§ Data excerpt:
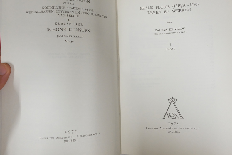 Brussel, Paleis der Academiën 1975 Volledig in 2 delen, I: xvi,555pp., II: 342 zw/w illustraties, in de reeks "Verhandelingen van de Koninklijke Vlaamse Academie voor Wetenschappen, Letteren en Schone Kunsten van België. Klasse der Schone Kunsten" nr.30 verhandeling (Jg.37), gebroch., met stofwikkels, 26cm., goede staat, bevat catalogue raisonné van Floris' werken, zeldzaam, [Monography and 'catalogue raisonné' on the Flemish painter Frans Floris, complete in 2 volumes and in good condition, rare], S85819
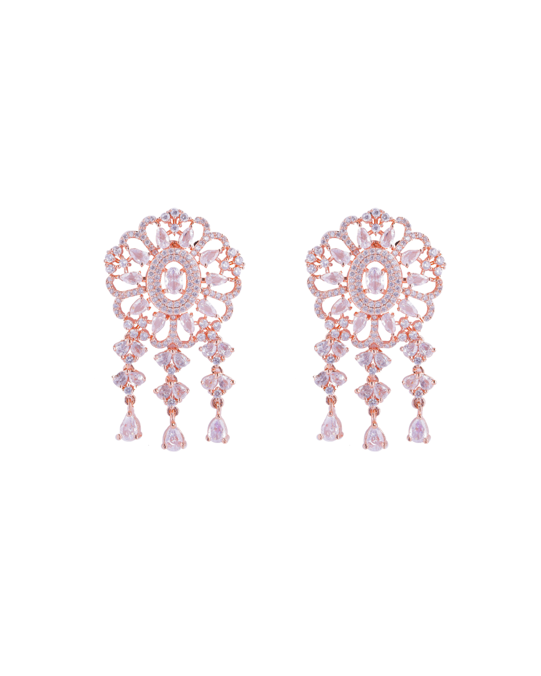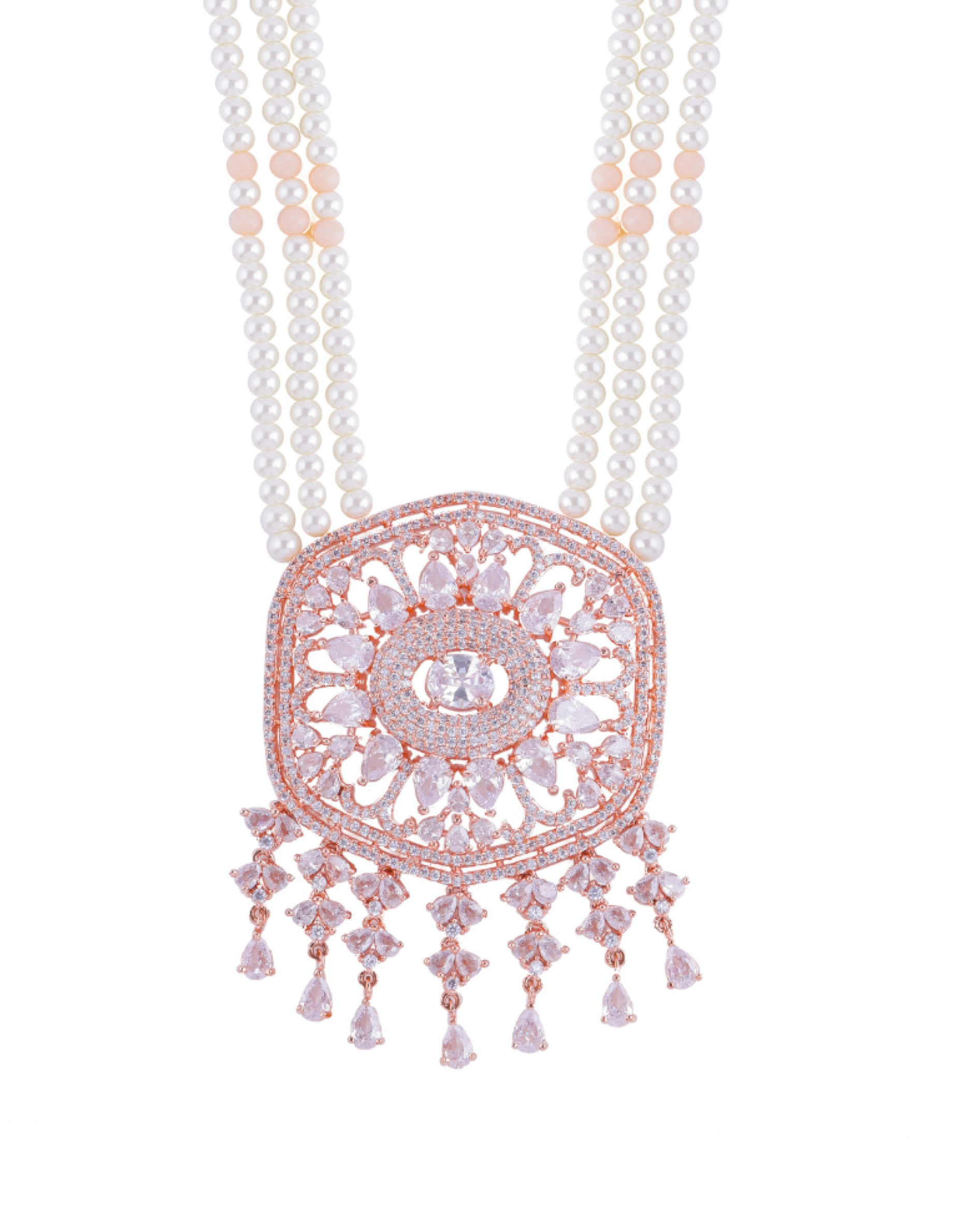 The necklace is the centerpiece of this ensemble, featuring a delicate arrangement of pearl beads chain that gracefully cascade along the neckline. Each pearl is carefully selected for its smooth surface, radiant luster, and consistent size, creating a harmonious and captivating look. The rose gold-plated finish adds a touch of warmth and luxury, enhancing the overall allure of the necklace.
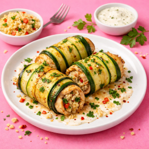 Vištienos vyniotiniai su cukinija, kuskusu.
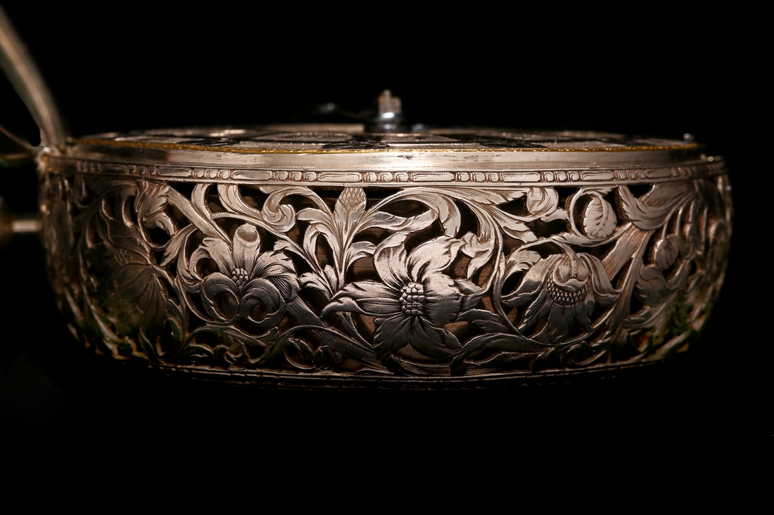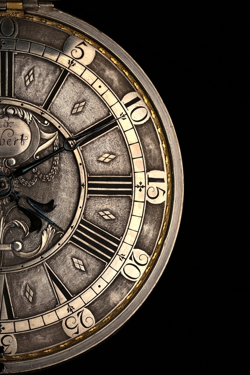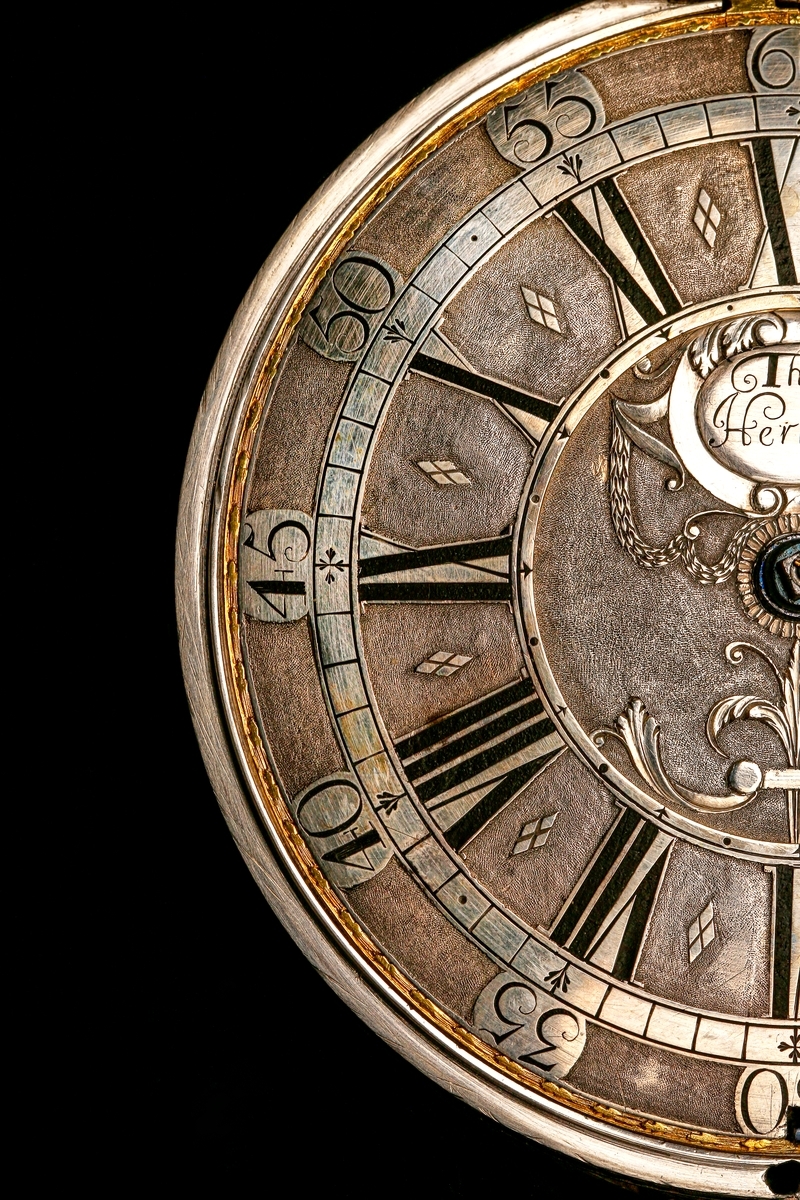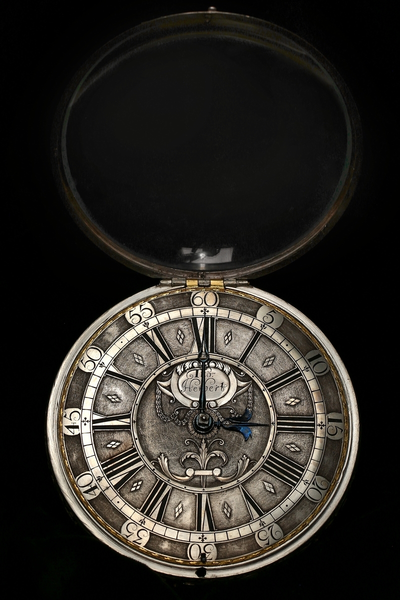 This watch may have hung in the King's bedchamber. Herbert supplied alarm clocks 'of custom allowed to the seven pages of the King's bedchamber every third year'. However, with no alarm, this exceptionally large watch may have been for the King's personal use. Likewise, on the day of his execution in 1649, King Charles I had gifted to an attendant 'the silver Clock that hung by the Bedside'. Now in the Royal Collection, that clock watch was made by Herbert's father-in-law Edward East.

§ Work request:
Take every line of the material and copy it exactly, leaving out the pictures.

§ Task response:
 Brussel, Paleis der Academiën 1975 Volledig in 2 delen, I: xvi,555pp., II: 342 zw/w illustraties, in de reeks "Verhandelingen van de Koninklijke Vlaamse Academie voor Wetenschappen, Letteren en Schone Kunsten van België. Klasse der Schone Kunsten" nr.30 verhandeling (Jg.37), gebroch., met stofwikkels, 26cm., goede staat, bevat catalogue raisonné van Floris' werken, zeldzaam, [Monography and 'catalogue raisonné' on the Flemish painter Frans Floris, complete in 2 volumes and in good condition, rare], S85819
 The necklace is the centerpiece of this ensemble, featuring a delicate arrangement of pearl beads chain that gracefully cascade along the neckline. Each pearl is carefully selected for its smooth surface, radiant luster, and consistent size, creating a harmonious and captivating look. The rose gold-plated finish adds a touch of warmth and luxury, enhancing the overall allure of the necklace.
 Vištienos vyniotiniai su cukinija, kuskusu.
 This watch may have hung in the King's bedchamber. Herbert supplied alarm clocks 'of custom allowed to the seven pages of the King's bedchamber every third year'. However, with no alarm, this exceptionally large watch may have been for the King's personal use. Likewise, on the day of his execution in 1649, King Charles I had gifted to an attendant 'the silver Clock that hung by the Bedside'. Now in the Royal Collection, that clock watch was made by Herbert's father-in-law Edward East.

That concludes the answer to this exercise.